Le grand archiviste et historien Jean Favier a écrit un livre dénommé : De l’or et des épices, il y explique le début de l’homme moderne et l’on y voit comment la comptabilité s’est mise en place, la valeur de l’information avec des services de coursiers privés entre leurs différentes filiales… des coursiers parfois utilisés aussi pour le compte des princes dans leurs batailles. Un livre à relire et à relire…
Une monnaie répond à 3 critères : moyen d’échange, unité de compte et réserve de valeur. Les cryptomonnaies ont certainement de l’avenir mais tous ces critères ne sont pas encore satisfaits et elles ont surtout besoin de gagner en stabilité. C’est juste une question de temps.
Merci de rappeler la Renaissance avec l’essor du commerce des épices. C’est en effet l’époque de la naissance des banques et du concept moderne de l’argent comme moyen d’échange économique à grande échelle, dépassant les frontières.
Quant aux crypto-monnaies, il est vrai que dans notre pays, elles n’ont pas encore gagné la confiance de la majorité de la population, ce qui est une condition psychologique fondamentale pour qu’elles puissent fonctionner comme moyen d’échange.
En 2021, 42% des Nigérians ont indiqué avoir déjà utilisé une crypto-monnaie, contre 8% aux États-Unis et 5% en France.
Intéressant, instructif et accessible dans les explications. Merci pour cet article.
Merci pour ton article. En effet, en parlant de cryptomonnaie, j’ai du mal a comprendre son fonctionnement et ce que je lis déçu n’est pas très rassurant pour se laisser tenter à investir. Est ce une valeur sur ?
Je pense que les crypto-monnaies (au pluriel, car il y en a plusieurs !) répondent aux critères d’une certaine rareté qui peut justifier une valeur durable comme l’or, mais elles n’ont pas encore l’acceptation générale qui seule peut justifier leur valeur.
À l’heure actuelle, elles restent un domaine de spéculation avec de grandes variations de prix où l’on peut gagner beaucoup d’argent, mais aussi en perdre. Par conséquent, il ne s’agit pas actuellement d’un moyen d’investissement sûr.
Je trouve le système des cryptomonnaies très intéressante.
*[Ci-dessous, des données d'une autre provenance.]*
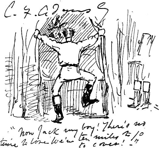 Here follows an admirable sketch of Mr. Adams waking up Leech with, “Now, Jack, my boy! There’s no time to lose; we’ve ten miles to go to cover.”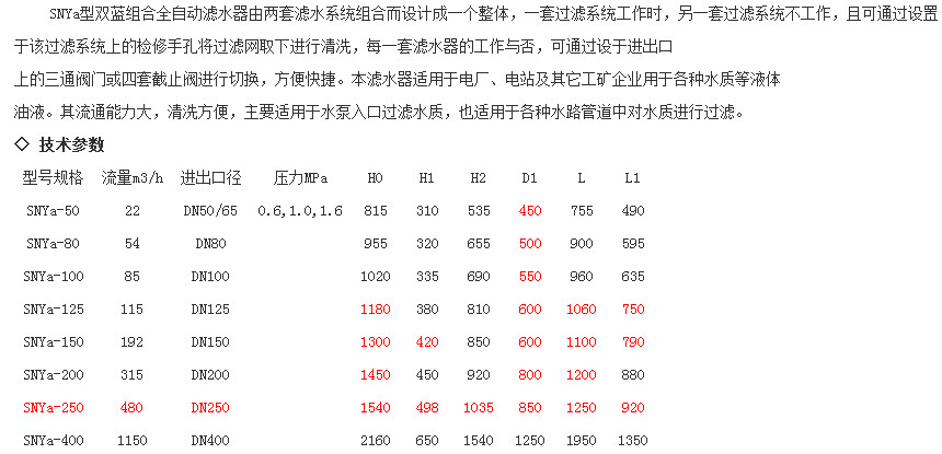 SNYa-50,SNYa-80,SNYa-100,SNYa-125,SNYa-150,SNYa-200,SNYa-250,SNYa-400,雙藍(lán)組合全自動濾水器

Je pense que c’est une alternative saine au système bancaire actuel, car au moins, on reste propriétaire de son argent – alors que si l’on dépose son argent sur une banque, c’est la banque qui en devient le propriétaire et qui a une « dette » envers nous.
C’est une observation très judicieuse.
Un autre avantage des crypto-monnaies est leur rareté inhérente, ce qui signifie qu’elles ne peuvent pas être multipliées à volonté par les banques monétaires comme c’est le cas avec les billets de banque actuels et l’argent virtuel que nous avons actuellement, dont la plupart n’a jamais été matérialisé sous forme de billets de banque visibles et tangibles.